Author Response File: Author Response.pdf

Reviewer 3 Report

The work presented deals with the impact of an innovative solution for the interruption of 3-D point thermal bridges in buildings. The topic is current and well illustrated but the reviewer requires authors to take into account the following comments:

1) Explain in a clearer way the functioning of a ventilated wall, for not all readers it could be a known concept;

2) Specify how the economic considerations present in the paper were made: the source from which the costs were drawn, whether the costs are discounted or not, if tax relief is taken into account. This point is too lightly herringbone and should therefore be integrated.

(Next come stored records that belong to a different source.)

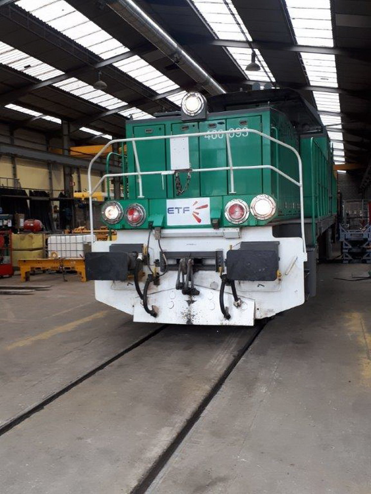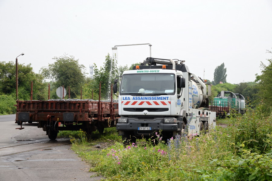 elle se trouve avec la 60105 d'ETF pour manoeuvrer une rame de wagons à essieux K39 pour le lavage du ballast pour un chantier à Seclin
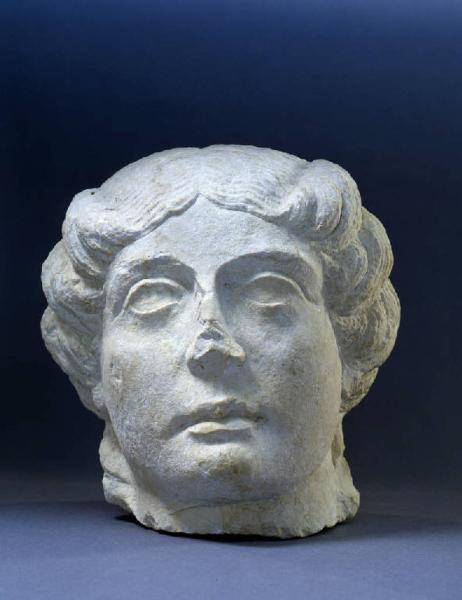 Testa femminile di ambito funerario dall'ovale massiccio, zigomi e mascella marcata, mento prominente. Le labbra sono pronunciate, quello inferiore crea una leggera fossetta col mento. Gli occhi sono grandi, ovali, con la sclera non incisa, le palpebre a cordoncino. Marcate le arcate sopraciliari. La capigliatura, con scriminatura centrale, viene raccolta in ciocche tubolari ai lati della testa, formando uno spazio triangolare sulla fronte. Si percepisce la presenza di due ciocche che scendono lungo il collo. La parte retrostante non è scolpita.
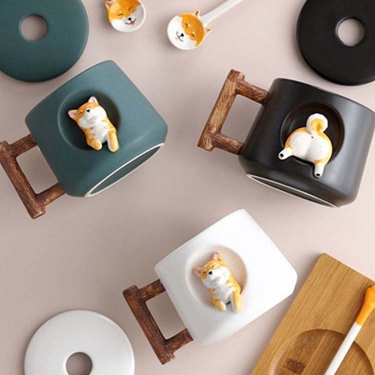 This mug features a charming 3D depiction of a Shiba Inu, seemingly peeking out playfully from the side. Each piece is hand-painted, showcasing meticulous attention to detail and a unique artistic style.
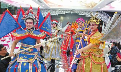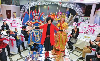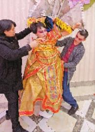 4.纸制的戏服穿起来很麻烦,需要几个人帮忙完成
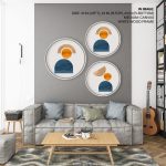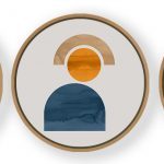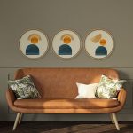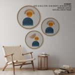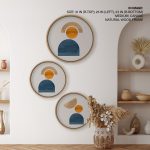 Wall Decor | Set of 3 Figurative Geometric Format - Circular Wooden Frames | Custom Size & Frame • Ready to Hang • Made in India • Eco-Friendly
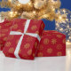 Este papel de embrulho com flocos de neve dourados e fundo vermelho brilhante é excelente para fazer seus presentes de Natal parecerem especiais. A cor de fundo pode ser alterada.
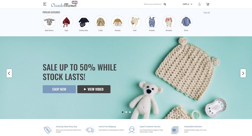 A striking thing about Claude Monet Woo is its app-like structure making it easy and comfortable for visitors to browse the store. Combining purchase-stimulating features with clean layout, Claude Monet allows even inexperienced online shoppers to navigate your website effortlessly. Interested to learn more about this customer-focused solution? Here is an in-depth review of the Claude Monet Woo theme from AliDropship!
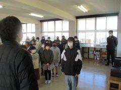 2校時不審者侵入を想定した避難訓練を実施しました。放送を聞いて、静かに避難することができました。その後、上天草警察署の方からの話を聞きました。最後にお礼の言葉を代表児童が伝えました。その後、先生たちも不審者対応について教えていただきました。
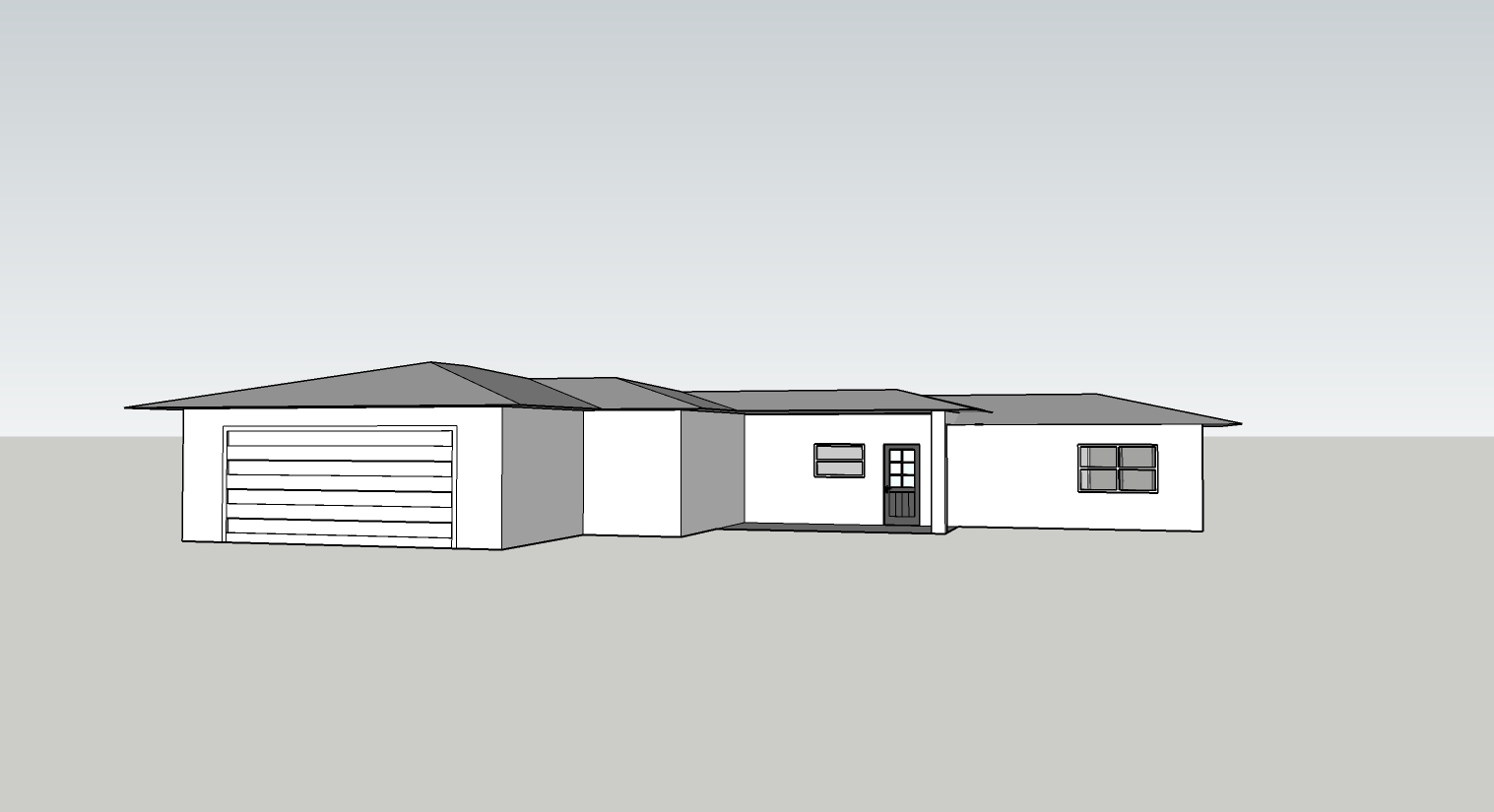 render a modern single story house with a combination of a flat roof and a hip roof as shown in the base model maintain crisp white stucco walls with a clean minimalist aesthetic incorporate a lush florida landscape tall palm trees tropical plants manicured grass and a bright clear sky with soft clouds the setting should reflect a sunny coastal florida vibe with rich greenery surrounding the house preserve the structure and proportions of the original architecture with garage door windows columns and overhangs with realistic lighting and shadows cast on the fa ade right next to the garage is lundry roo walls then the porch
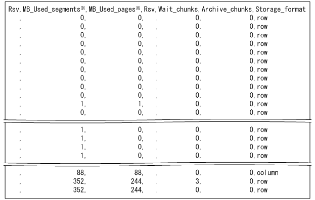-Sオプションの指定によって,使用量に関する出力項目の表示単位,および列のタイトルが変更されます。-Sオプションの詳細については,「13.2.1 指定形式およびオプションの説明【サマリ情報・使用量情報を出力する場合】」の「(3) オプションの説明」を参照してください。
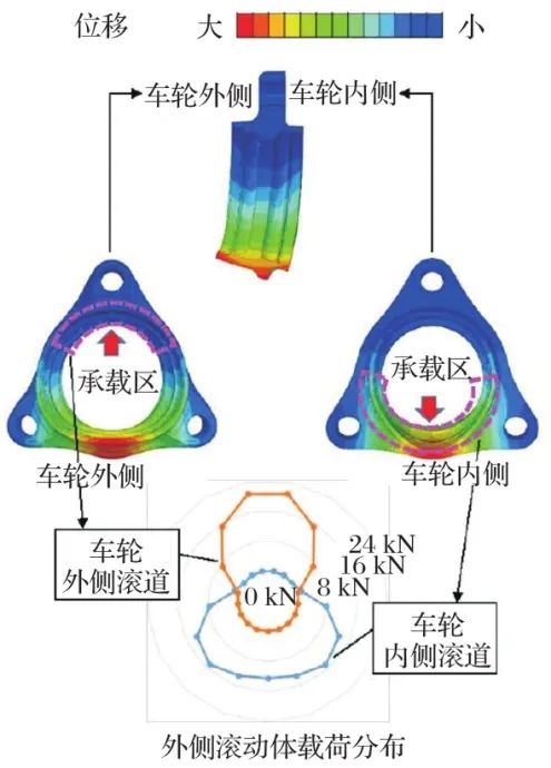 压痕重现试验的示意图如图9所示。采用圆度测量仪测量带有压痕的滚道表面状态(图10),表明了车轮外侧滚道与内侧滚道之间压痕的范围和深度不同。假定当施加过大的载荷时,各零件的变形影响压痕形成,因此采用Full-FEA方法计算滚动体载荷分布。车轮外侧滚道与内侧滚道之间滚动体载荷分布以及外圈变形对比如图11所示。在车轮内侧滚道中,滚动体承载区与套圈刚度较小的范围重叠,滚道表面变为椭圆形。可假设由于套圈变形,压痕数量随着承载区变宽而增加。由该结果发现采用Full-FEA可实现基于抗压痕能力的套圈厚度优化设计。
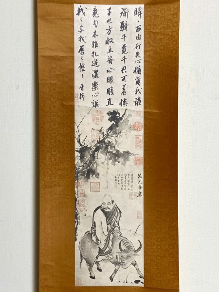 - 《魚亀》【印刷工芸】故宮博物院 宋 晁無咎(補之)「老子騎牛図」紙本 日本画 茶掛 茶道具 古美術 掛軸 掛け軸 中国 二玄社 古玩
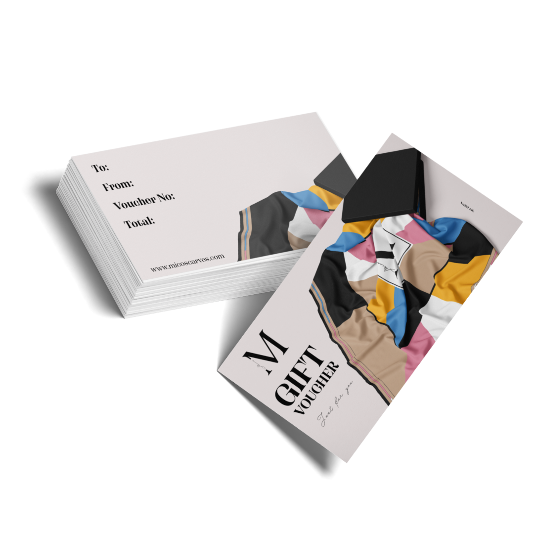 The perfect gift to say thank you, happy birthday, I love you and much more! These physical gift vouchers come with an envelope and are the ideal present for the fussy ones. Let them choose a scarf they love with these personalised gift vouchers.
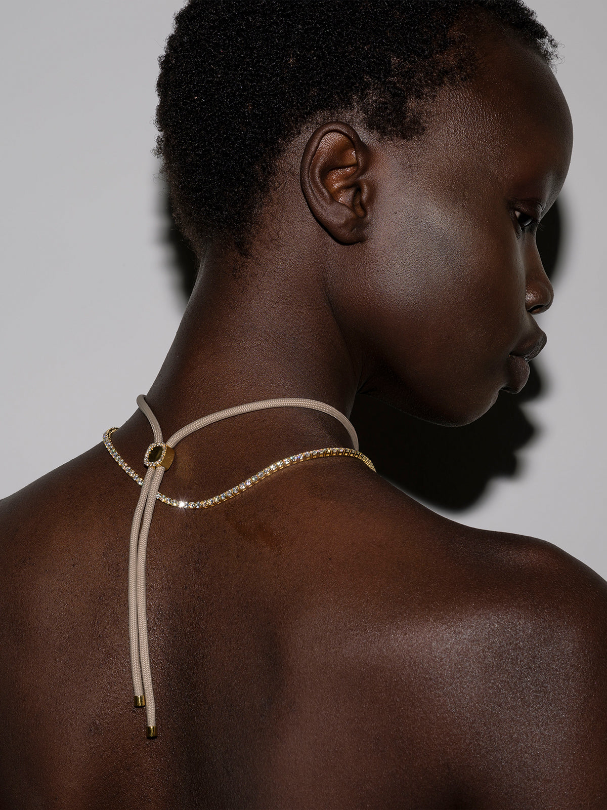 Dorsey - YVES LAB WHITE SAPPHIRE PARACORD NECKLACE, BEIGE
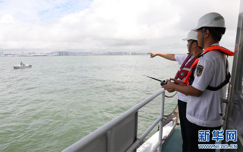 本次演习中引入无人船,借助其多元化的传感器,部分搜救环节实现无人化,提高救援效率和质量。图为海事人员在操控无人船。新华网发(广东海事局供图)
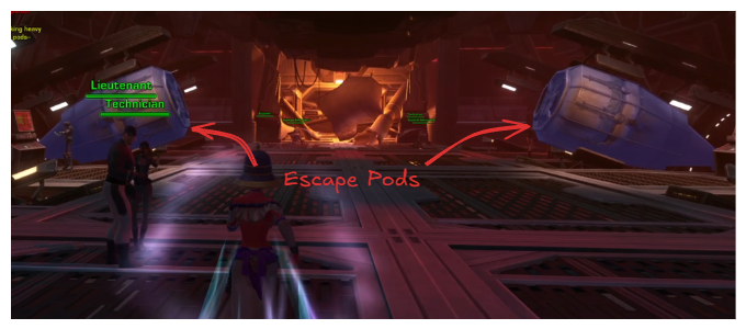 Once you load into the instance, there are several escape pods located along both sides of the ship. Click on any pod and jump down to the surface.
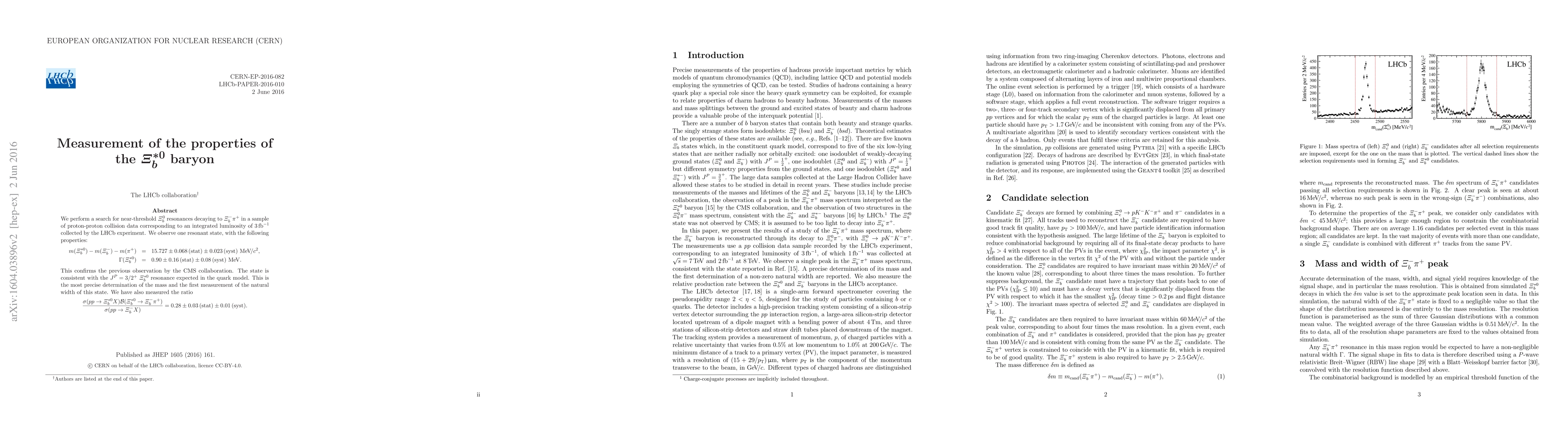 We perform a search for near-threshold $\Xi_b^0$ resonances decaying to $\Xi_b^- \pi^+$ in a sample of proton-proton collision data corresponding to an integrated luminosity of 3 fb$^{-1}$ collected by the LHCb experiment. We observe one resonant state, with the following properties: \begin{eqnarray*} m(\Xi_b^{*0}) - m(\Xi_b^-) - m(\pi^+) &=& 15.727 \pm 0.068 \, (\mathrm{stat}) \pm 0.023 \, (\mathrm{syst}) \, \mathrm{MeV}/c^2, \Gamma(\Xi_b^{*0}) &=& 0.90 \pm 0.16 \, (\mathrm{stat}) \pm 0.08 \, (\mathrm{syst}) \, \mathrm{MeV} . \end{eqnarray*} This confirms the previous observation by the CMS collaboration. The state is consistent with the $J^P=3/2^+$ $\Xi_b^{*0}$ resonance expected in the quark model. This is the most precise determination of the mass and the first measurement of the natural width of this state. We have also measured the ratio \begin{align*} \frac{\sigma(pp \to \Xi_b^{*0} X){\cal{B}}(\Xi_b^{*0} \to \Xi_b^- \pi^+)}{\sigma(pp \to \Xi_b^- X)} = 0.28 \pm 0.03 \, (\mathrm{stat}) \pm 0.01 \, (\mathrm{syst}) . \end{align*}

3) Can the results on the energy needs of the building analyzed be considered as reference for other types of buildings in different parts of the world and with different climatic data or are they typical of a local case study? To specify.

4) Can the considerations and solutions discussed be considered replicable in other buildings and situations?If so, please explain in detail how.

5) The graph in figure 17 is difficult to read: improve the overall graphic rendering and make the time axis more readable.

Author Response

Thanks for sending comments. I believe that I have taken into account all the comments and the contribution will already be at the required level. Well thank you .

Author Response File: Author Response.pdf

Round 2

Reviewer 1 Report

Thank you for the clarification to the remarks expressed. Minor correction required for the English (some typos still are present).

Reviewer 3 Report

In the new submitted version the paper results in a more complete and adequate form.

The last recommendation that the reviewer submits to the authors is the inclusion in the introductory part of the use of insulating and superinsulating materials as a form currently used for reducing heat loss.

The inclusion of these works is suggested:

• Aerogel insulation in building energy retrofit. Performance testing and cost analysis on a case study in Rome https://doi.org/10.1016/j.egyr.2020.10.045 
• On the retrofit of existing buildings with aerogel panels: Energy, environmental and economic issues https://doi.org/10.3390/en14051276
• On the Energy Performance of an Innovative Green Roof in the Mediterranean Climate https://doi.org/10.3390/en13195163
• An Evaluation of the Environmental Payback Times and Economic Convenience in an Energy Requalification of a School https://doi.org/10.3390/buildings11010012

This manuscript is a resubmission of an earlier submission. The following is a list of the peer review reports and author responses from that submission.

Round 1

Reviewer 1 Report

The paper presents simulations related to point thermal bridges caused by cladding of ventilated façade. The anchor and the analysis results claimed in this paper as an innovative solution were very interesting.

However, there are some reviews I would like to suggests:

Introduction

: The background of the study was described, but there are many contents that are not directly related to the study. For example, dynamic calculations or simplified calculation methods do not seem to be relevant in this study.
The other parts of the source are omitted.